Consistently reproducible first errors (triggered multiple times across environments):

ModuleNotFoundError: No module named 'colorlog'
ImportError: cannot import name 'JSONDataParse'
FileNotFoundError: Model file not found: models/qwen/qwen_1_5_0_5b.gguf

Two key error screenshots are included in Evidence:

  • Evidence 1: No module named 'sedna' (run is blocked).
  • Evidence 2: cannot import name 'JSONDataParse' (parser missing).

Debugging clues

  1. Running the official entry command reaches core/testenvmanager/dataset/dataset.py; importing sedna.datasources fails immediately (see Evidence 1).
  2. After explicitly setting PYTHONPATH to point to the bundled sedna snapshot, it still fails on missing JSONDataParse (see Evidence 2), showing that the parser itself is not included in the current snapshot.
  3. Reviewing example YAML and algorithm configs reveals dataset paths pointing to other examples, and model paths pointing to non-existent files, further blocking execution.
  4. Metric semantics issues observed (facts only): throughput formula divides by total latency measured in ms; basemodel hard-truncates samples with data[:10]. Even if it ran, these harm metric credibility (stating the phenomena only).

Problem categories

  • Configuration: path/paradigm/sort vs metrics inconsistencies; dataset points to a wrong directory, etc.
  • Dependencies: example doesn’t ship/declare the required sedna parsers and third-party packages to run.
  • Resources: no usable model file and no minimal prompts dataset.
  • Metrics: unit/semantics unclear (formula uses ms directly); sample truncation distorts statistics.
  • Documentation: example README lacks a minimal Install — Run — Troubleshooting guide.

Impact and urgency

  • The example cannot complete a single effective inference; as an “entry example,” it’s not runnable to the public.
  • Metric math and sample handling show clear bias; results are not comparable or explainable.
  • New users and contributors cannot reproduce or extend; this directly reduces the value and attractiveness of the LLM edge example to the community.

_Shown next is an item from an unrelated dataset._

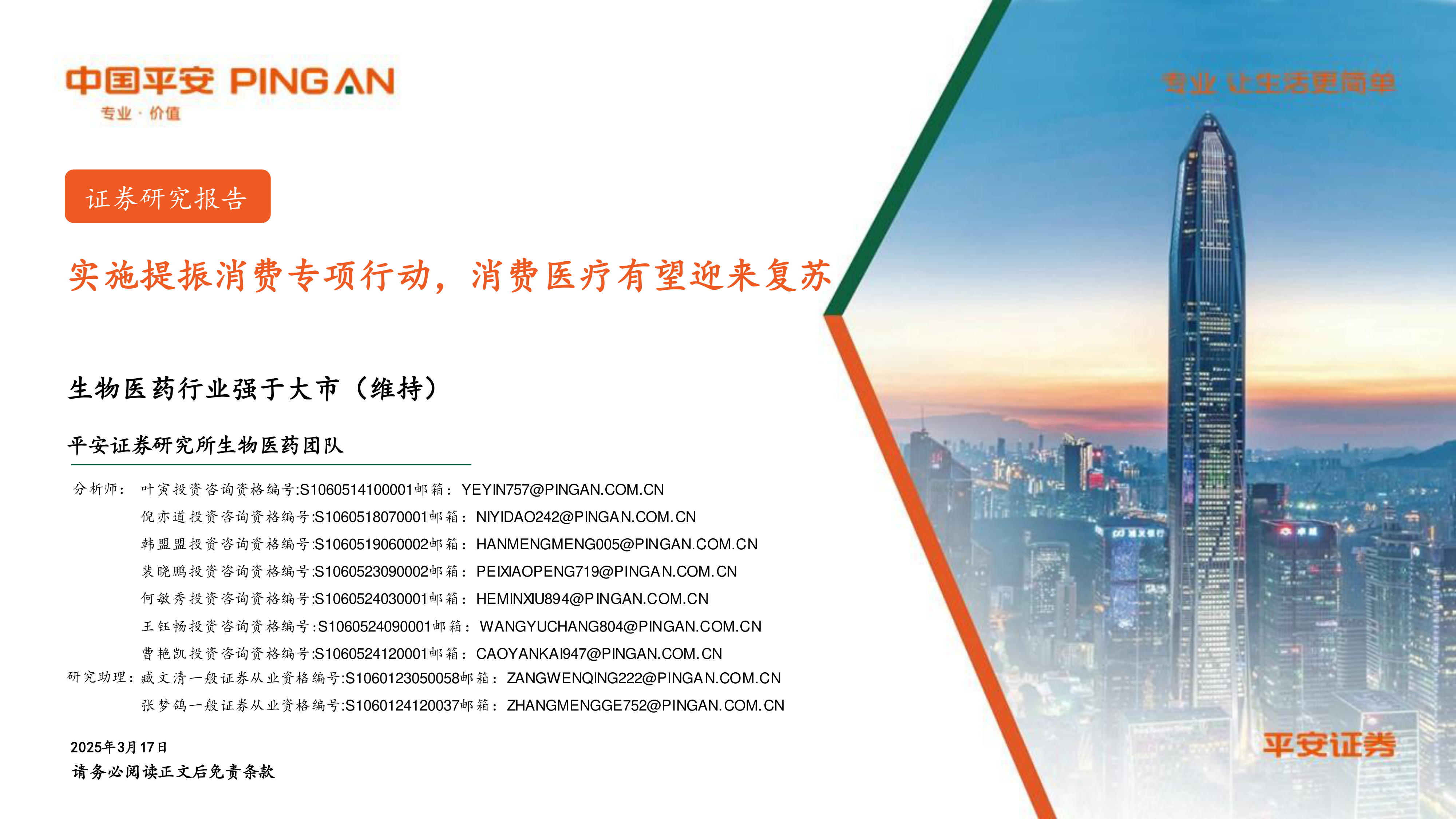 生物医药行业:实施提振消费专项行动,消费医疗有望迎来复苏

Conclusion: This is an “example asset health” issue. The core framework (core/*) parsing/scheduling chain works and throws accurate errors. No core code changes are required.

Goals

Community-facing goals:

  • Run-ability: the example can run with one command in a fresh environment, without private resources.
  • Metric semantics: unify latency/prefill (ms), throughput (req/s), mem_usage (clearly defined and explainable).
  • Reproducible assets: provide a small, semantically reasonable prompts dataset; allow sample size to be controlled via config/env.
  • Documentation: README and Troubleshooting cover install, run, metric explanation, and common error triage.
  • Anti-regression: provide a smoke test/minimal self-check path for later CI or local validation.

Acceptance criteria:

  • Running the official entry command stably produces all four metrics.
  • Metric units and sort directions match expectations.
  • When changing sample size, latency/throughput change in a reasonable relationship (no hidden hard truncation).
  • Steps in docs can be independently reproduced by a first-time user.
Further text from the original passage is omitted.